Open source text-to-audio generation for short audio samples.

Free

Description

Stable Audio Open is an open-source text-to-audio model developed by Stability AI. It specializes in generating stereo audio samples up to 47 seconds in length at a 44.1kHz sample rate directly from user-provided text prompts. The model is particularly adept at creating specific types of audio elements like drum beats, instrument riffs, ambient sounds, and foley recordings, making it a valuable tool for music production and sound design workflows.

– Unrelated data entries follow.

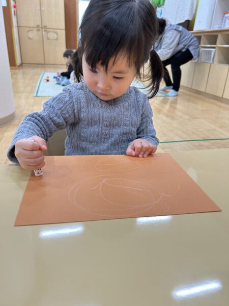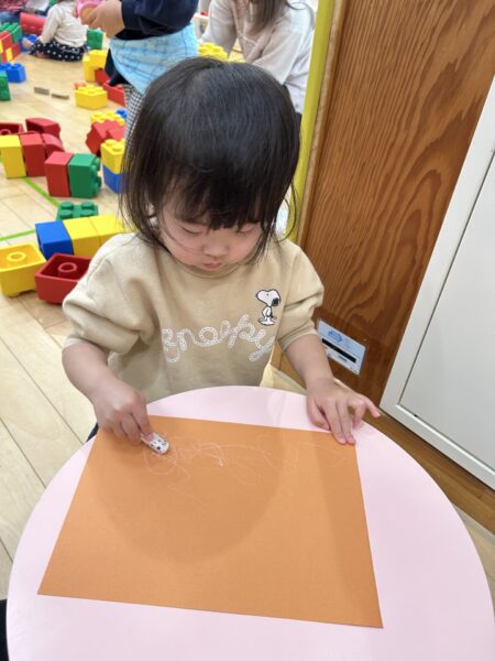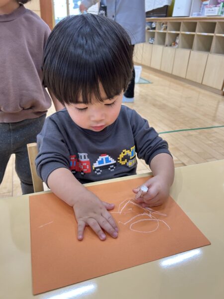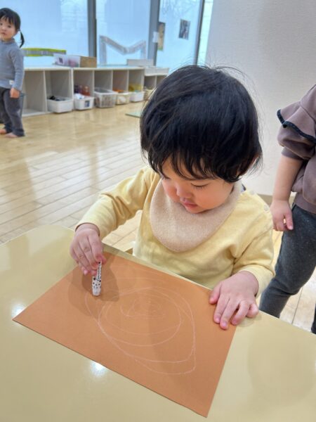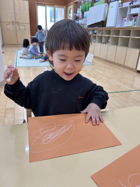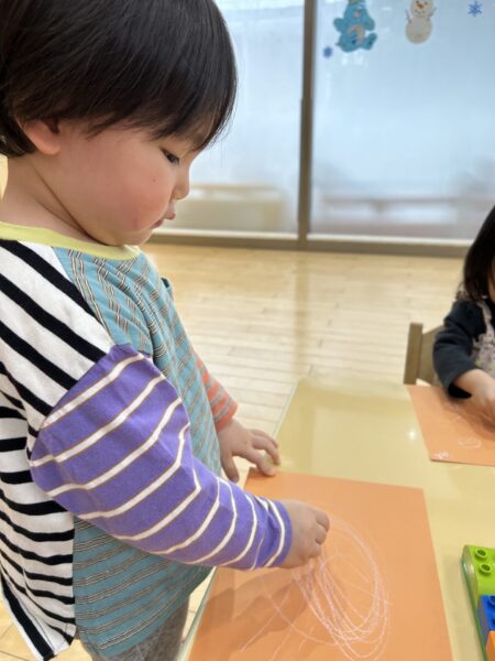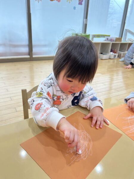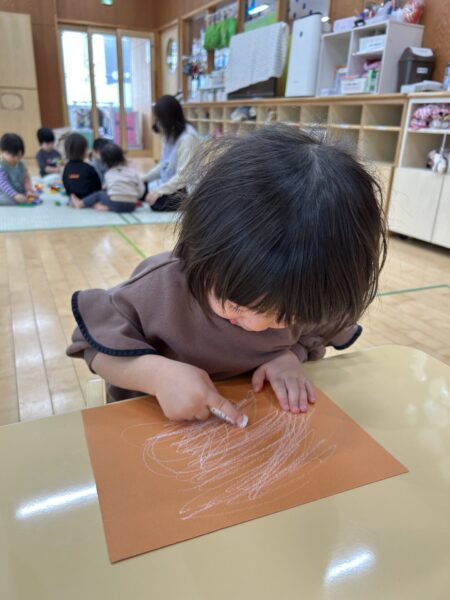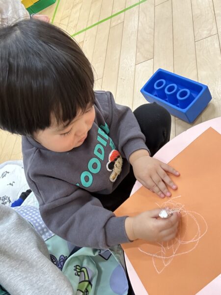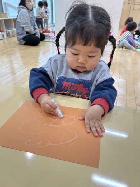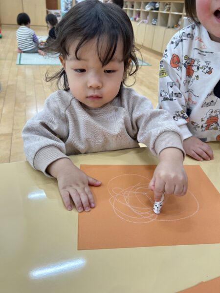 クレヨンをよく動かしてぐるぐると書くことも出来ていますよ!!
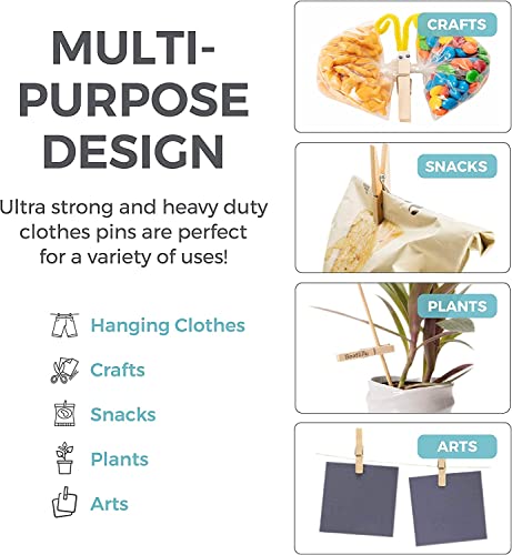 - ⛺👕☀💨 𝐖IDE APPLICATION – These eco-friendly wooden pegs are multipurpose and are a great choice for crafting school projects, laundry, drying & Hanging cloth, snack bag sealing, phone holder, card holder, photos hangers and in DIY projects etc
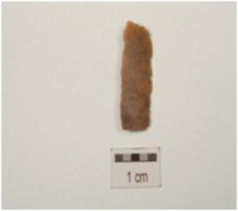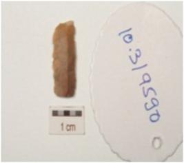 | Description / विवरण | Parallel sided chert blade, proximal end broken, triangular cross section, a ridge on dorsal surface and use wear marks on both working edge. |
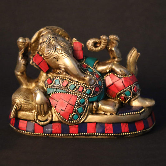 Brass Resting Ganesha Idol In Multicolor Height 3 Inch Weight 1.7 Kg
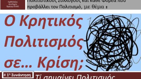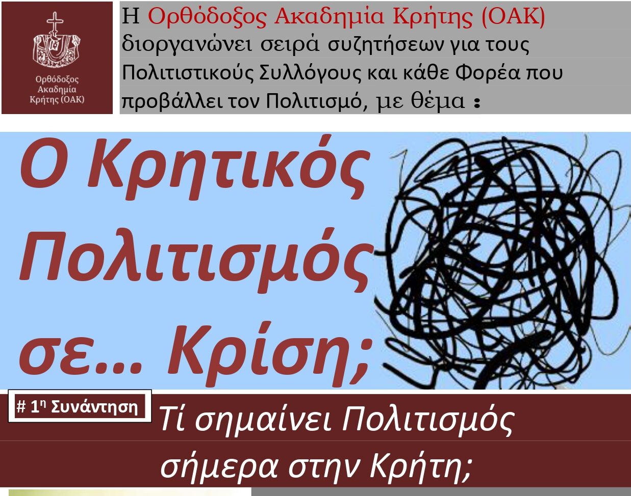 H Ορθόδοξος Ακαδημία Κρήτης (ΟΑΚ) διοργανώνει μία σειρά συζητήσεων, με κεντρικό θέμα: «Ο Κρητικός Πολιτισμός σε… Κρίση;». Παράλληλα, κάνει ανοικτό κάλεσμα προς όλους τους Πολιτιστικούς Συλλόγους και σε κάθε Φορέα που προβάλλει τον Πολιτισμό του τόπου μας, όπως και σε κάθε ιδιώτη που ενδιαφέρεται να συμβάλει στο διάλογο αυτό, τόσο αναγκαίο για το μέλλον της κρητικής παράδοσης.
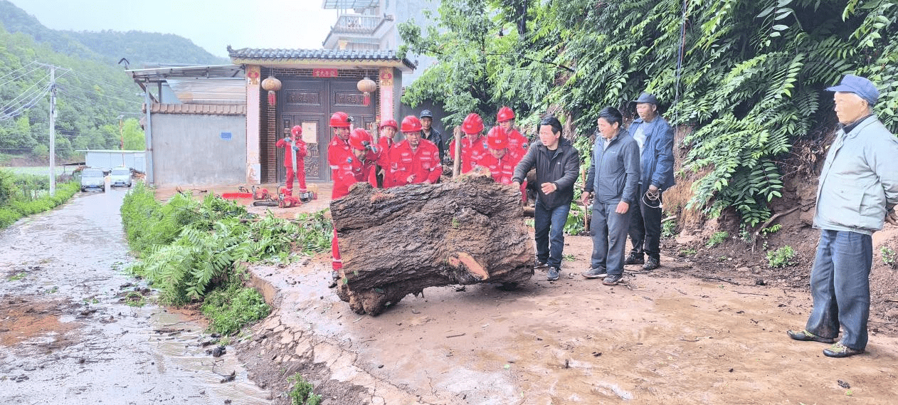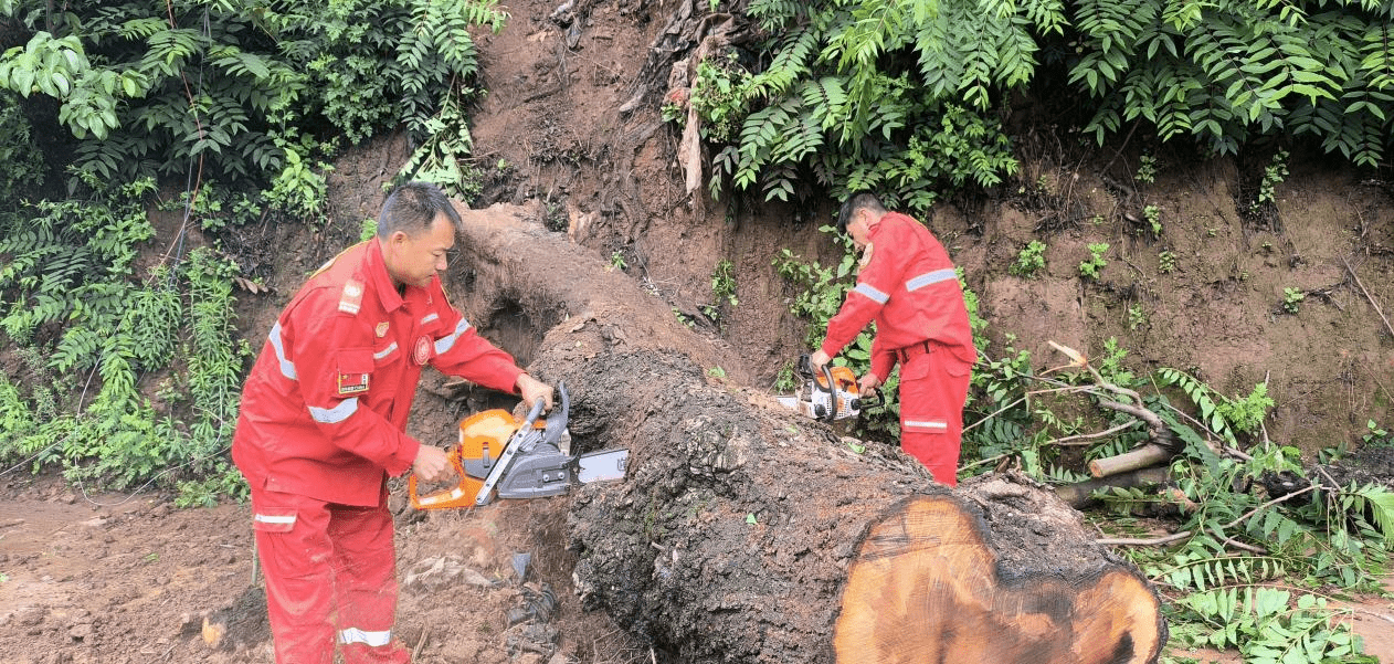 应急救援人员抵达现场核实无人员受伤后,立即利用专业工具对倒塌的树木进行清理。经过近1个小时的紧张作业,倒塌古树被彻底清除,路面交通随即恢复通行。在确认现场无次生灾害风险后,应急救援人员将现场移交给属地村组管理后才整理装备安全返回。
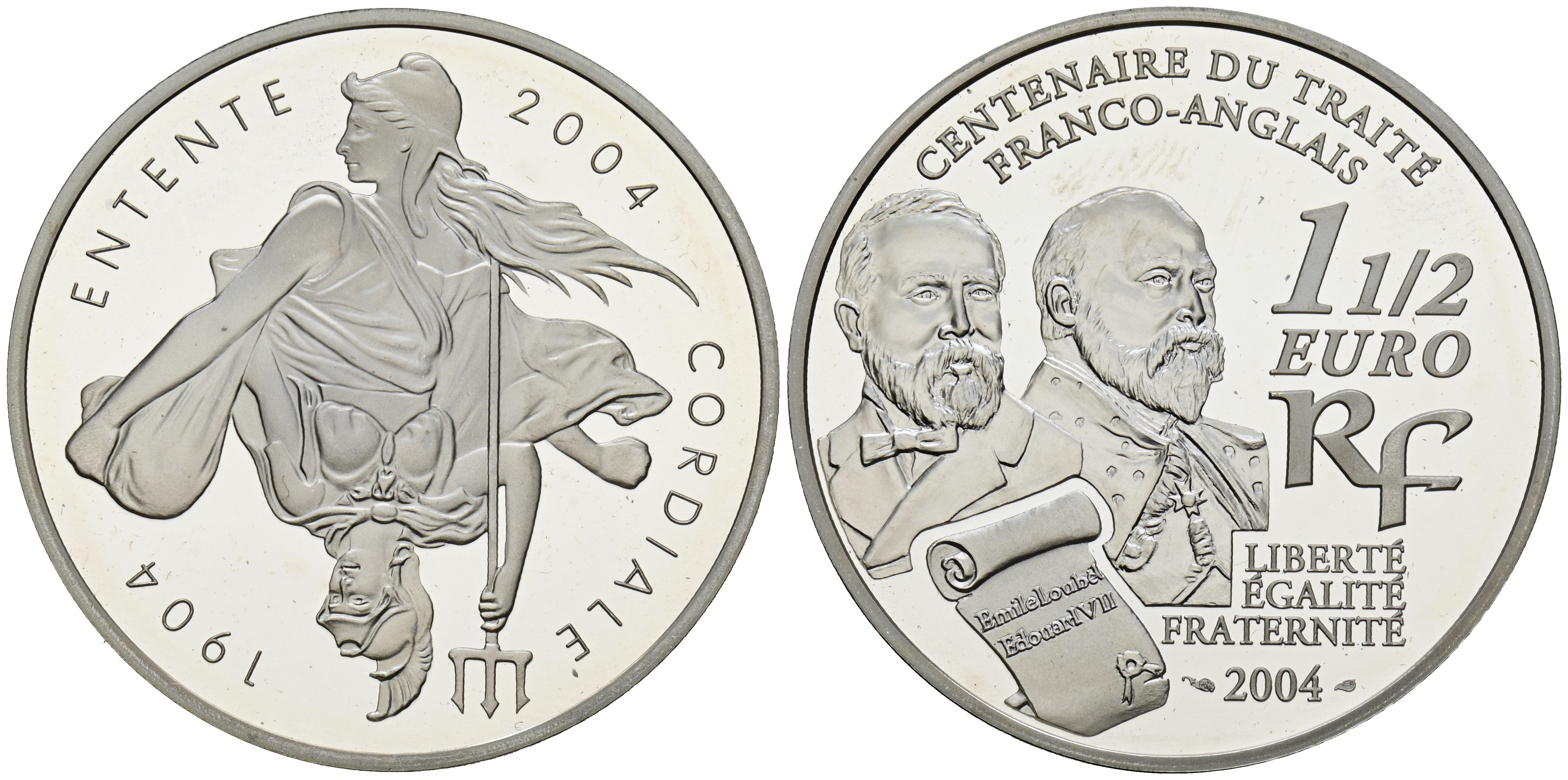 FRANCIA. 1 1/2 Euro. (Ar. 22,26g/37mm). 2004. Entente Cordiale. (Km#1391). PROOF. Incluye certificado de autenticidad. Escasa.

This model utilizes a transformer-based diffusion architecture, operating within the latent space of an autoencoder and conditioned using T5-based text embeddings. It was trained exclusively on a large dataset of audio recordings licensed under CC0, CC BY, or CC Sampling+ from FreeSound and the Free Music Archive, ensuring the training data is free from copyrighted music. While powerful for generating audio samples, Stable Audio Open is not optimized for creating complete songs, complex melodies, or human vocals. The model weights are accessible via Hugging Face under a non-commercial research license, and it's designed for use with the accompanying `stable-audio-tools` library for inference and fine-tuning.

Key Features

Text-to-Audio Generation: Creates audio directly from text descriptions.
Variable Length Output: Generates audio samples up to 47 seconds long.
High-Quality Audio: Outputs stereo audio at a 44.1kHz sample rate.
Specialized Audio Generation: Optimized for drum beats, instrument riffs, ambient sounds, and foley.
Open Source Model: Model weights are publicly available on Hugging Face.
Fine-tuning Capability: Allows users to fine-tune the model on custom audio datasets.
Transformer-Based Architecture: Built using an autoencoder, T5 text embedding, and a diffusion model.
Ethically Sourced Training Data: Trained on audio from FreeSound and Free Music Archive under open licenses (CC0, CC BY, CC Sampling+).

Use Cases

Creating custom drum beats for music production.
Generating unique instrument riffs and loops.
Producing ambient soundscapes for videos or games.
Creating realistic foley sound effects for film and media.
Generating audio samples for sound design projects.
Fine-tuning the model for specialized audio generation tasks (e.g., specific drum kits).